(Exercise inputs Opens)

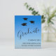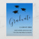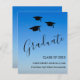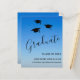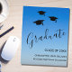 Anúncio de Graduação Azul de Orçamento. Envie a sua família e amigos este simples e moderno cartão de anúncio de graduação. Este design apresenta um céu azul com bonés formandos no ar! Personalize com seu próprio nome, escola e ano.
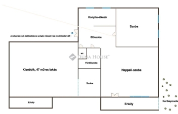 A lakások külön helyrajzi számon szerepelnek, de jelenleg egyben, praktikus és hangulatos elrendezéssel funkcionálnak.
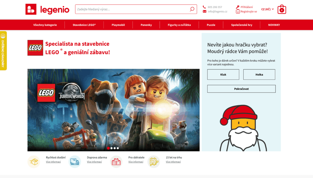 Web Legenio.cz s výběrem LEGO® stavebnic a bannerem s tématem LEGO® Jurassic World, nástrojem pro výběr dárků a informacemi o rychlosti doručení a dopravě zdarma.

(Exercise inputs Closes)
(Exercise inputs Opens)

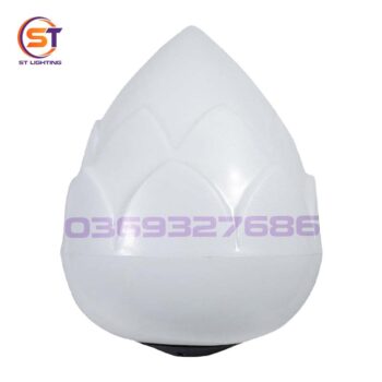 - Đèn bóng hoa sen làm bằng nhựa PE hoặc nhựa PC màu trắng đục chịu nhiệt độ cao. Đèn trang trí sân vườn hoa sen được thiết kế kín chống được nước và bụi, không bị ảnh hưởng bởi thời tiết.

(Exercise inputs Closes)

Aim of the task
Keep to the lines above from the line with "Anúncio de Graduação Azul" to the line with "A lakások külön", and set down exactly those, inclusive, with nothing else and every picture left out.

Answer section
 Anúncio de Graduação Azul de Orçamento. Envie a sua família e amigos este simples e moderno cartão de anúncio de graduação. Este design apresenta um céu azul com bonés formandos no ar! Personalize com seu próprio nome, escola e ano.
 A lakások külön helyrajzi számon szerepelnek, de jelenleg egyben, praktikus és hangulatos elrendezéssel funkcionálnak.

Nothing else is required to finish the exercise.